Required work: What you should give back is every line from the one containing "File => Account menu." through the last line of the records below, word for word and without pictures.

....

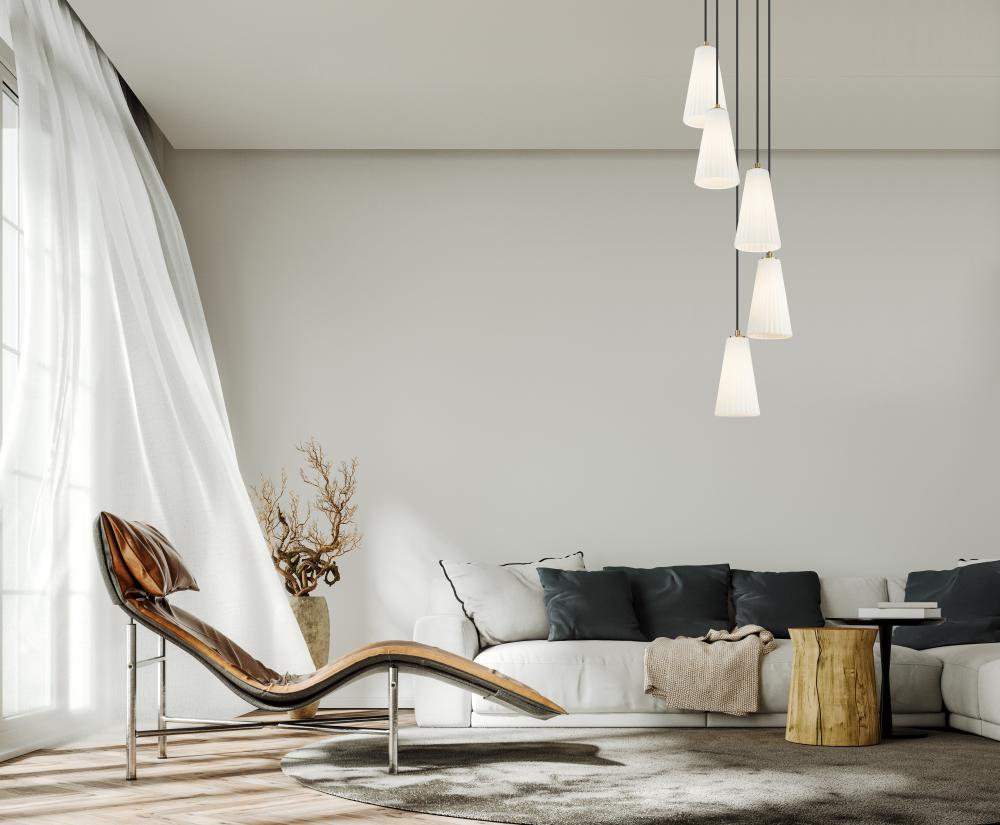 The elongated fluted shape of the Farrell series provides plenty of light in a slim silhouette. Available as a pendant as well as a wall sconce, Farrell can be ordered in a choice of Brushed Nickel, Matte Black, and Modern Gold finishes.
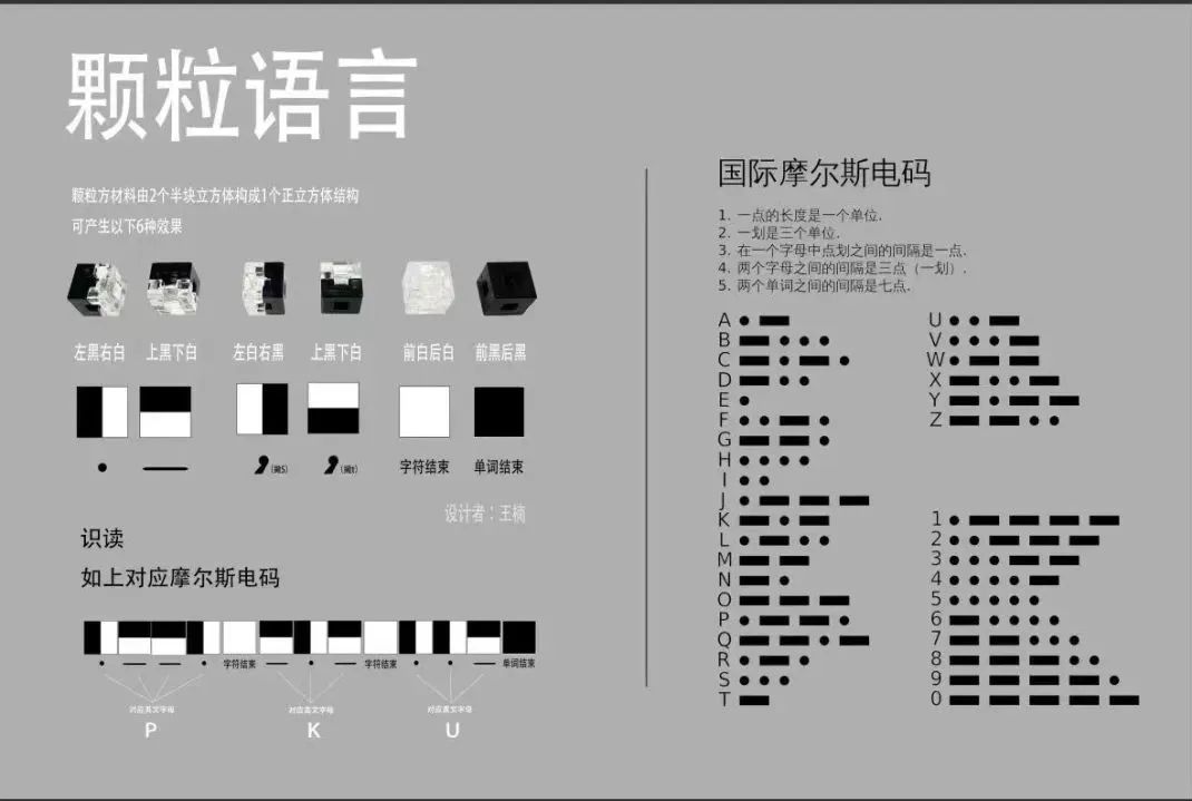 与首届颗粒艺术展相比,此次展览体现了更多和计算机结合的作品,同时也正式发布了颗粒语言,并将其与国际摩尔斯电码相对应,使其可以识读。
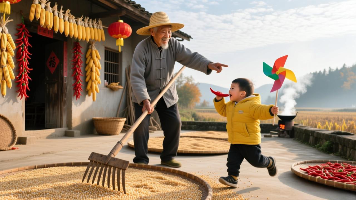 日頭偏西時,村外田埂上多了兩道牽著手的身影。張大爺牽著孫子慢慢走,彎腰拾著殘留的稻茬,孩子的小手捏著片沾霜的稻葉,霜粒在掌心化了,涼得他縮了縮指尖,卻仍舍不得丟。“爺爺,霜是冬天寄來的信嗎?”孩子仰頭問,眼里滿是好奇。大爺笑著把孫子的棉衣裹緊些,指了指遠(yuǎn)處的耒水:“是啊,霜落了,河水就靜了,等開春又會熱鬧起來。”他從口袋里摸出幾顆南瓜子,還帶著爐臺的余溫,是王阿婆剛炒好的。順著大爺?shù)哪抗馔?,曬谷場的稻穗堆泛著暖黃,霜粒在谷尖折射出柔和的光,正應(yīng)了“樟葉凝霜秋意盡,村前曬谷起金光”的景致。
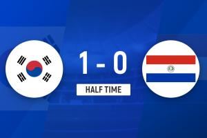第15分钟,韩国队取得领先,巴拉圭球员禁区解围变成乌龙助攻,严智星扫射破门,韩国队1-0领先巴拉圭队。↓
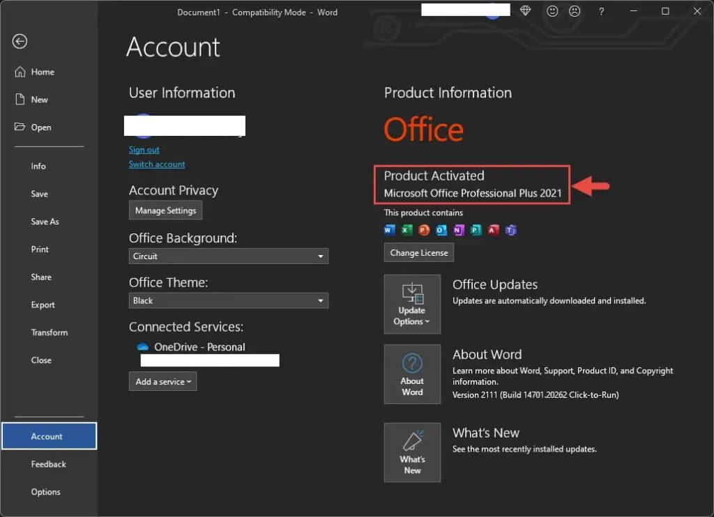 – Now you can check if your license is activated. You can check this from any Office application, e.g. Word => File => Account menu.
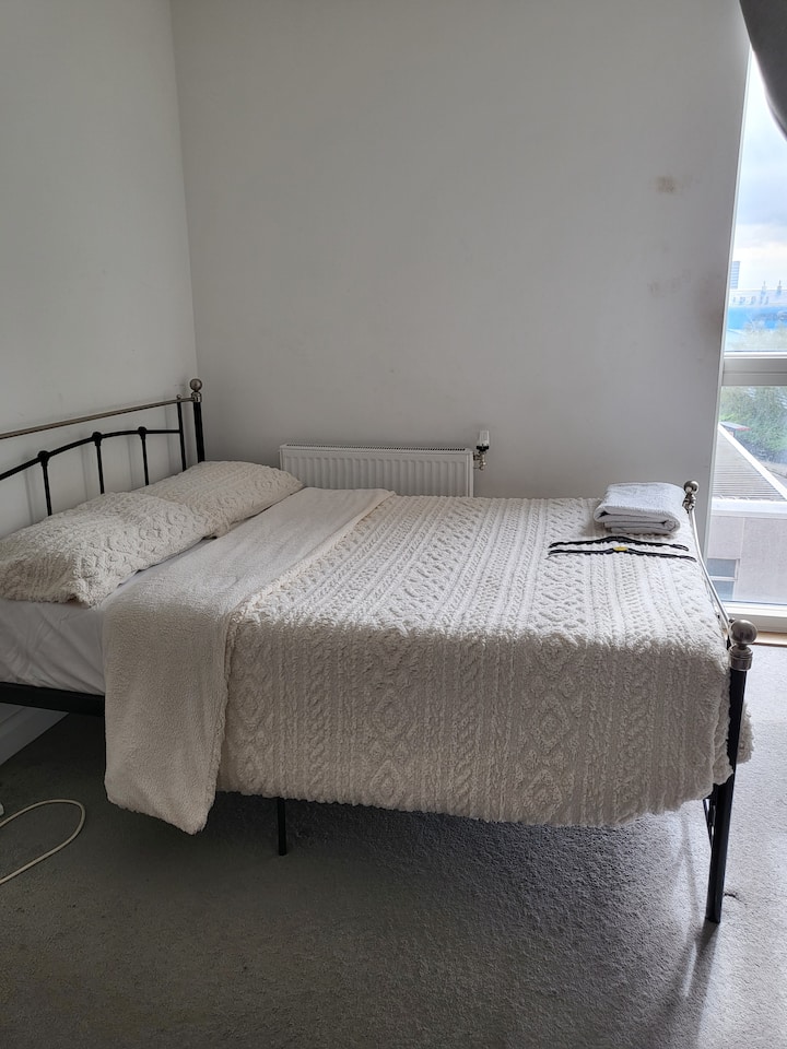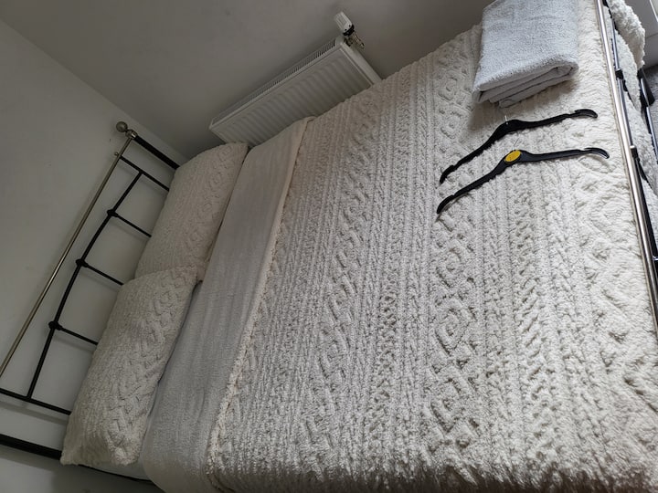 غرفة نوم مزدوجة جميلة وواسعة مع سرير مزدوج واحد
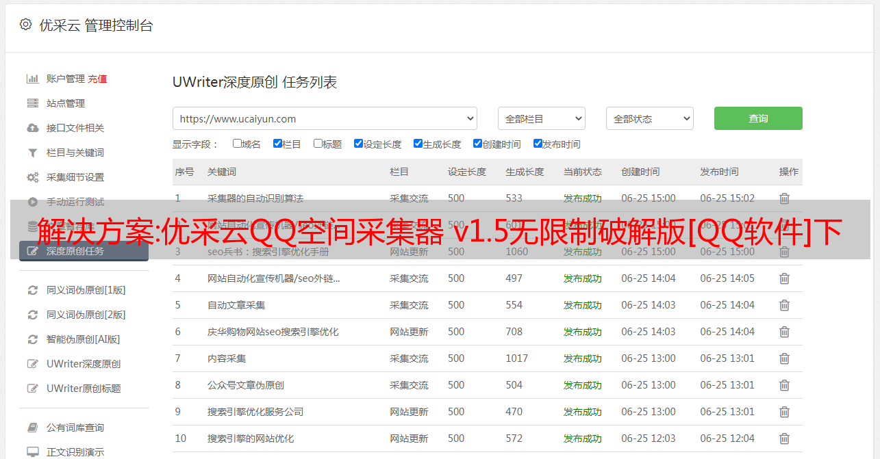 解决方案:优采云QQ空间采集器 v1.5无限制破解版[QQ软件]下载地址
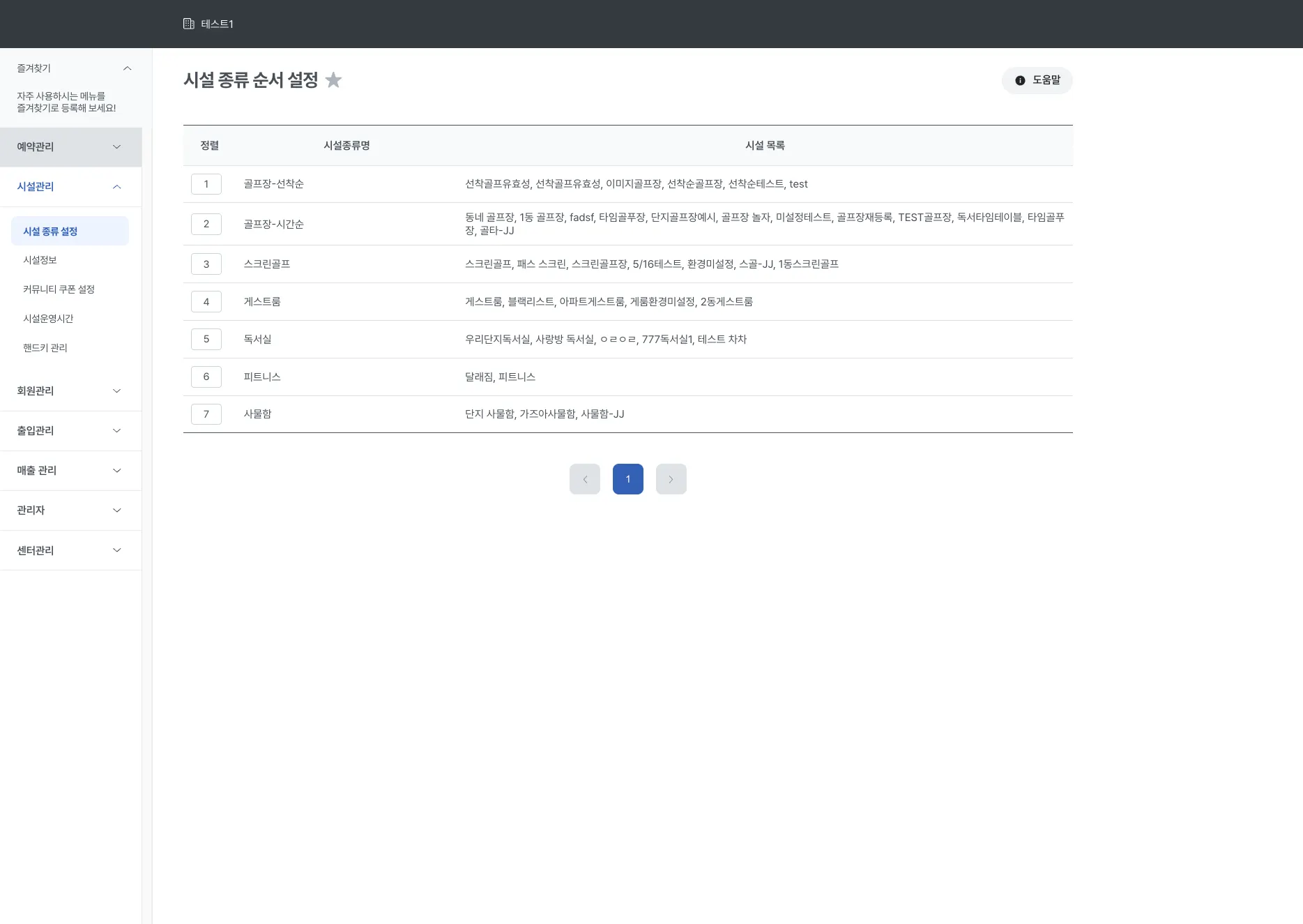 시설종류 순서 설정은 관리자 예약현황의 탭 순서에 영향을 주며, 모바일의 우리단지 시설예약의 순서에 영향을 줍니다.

....

Response to the exercise:
 – Now you can check if your license is activated. You can check this from any Office application, e.g. Word => File => Account menu.
 غرفة نوم مزدوجة جميلة وواسعة مع سرير مزدوج واحد
 解决方案:优采云QQ空间采集器 v1.5无限制破解版[QQ软件]下载地址
 시설종류 순서 설정은 관리자 예약현황의 탭 순서에 영향을 주며, 모바일의 우리단지 시설예약의 순서에 영향을 줍니다.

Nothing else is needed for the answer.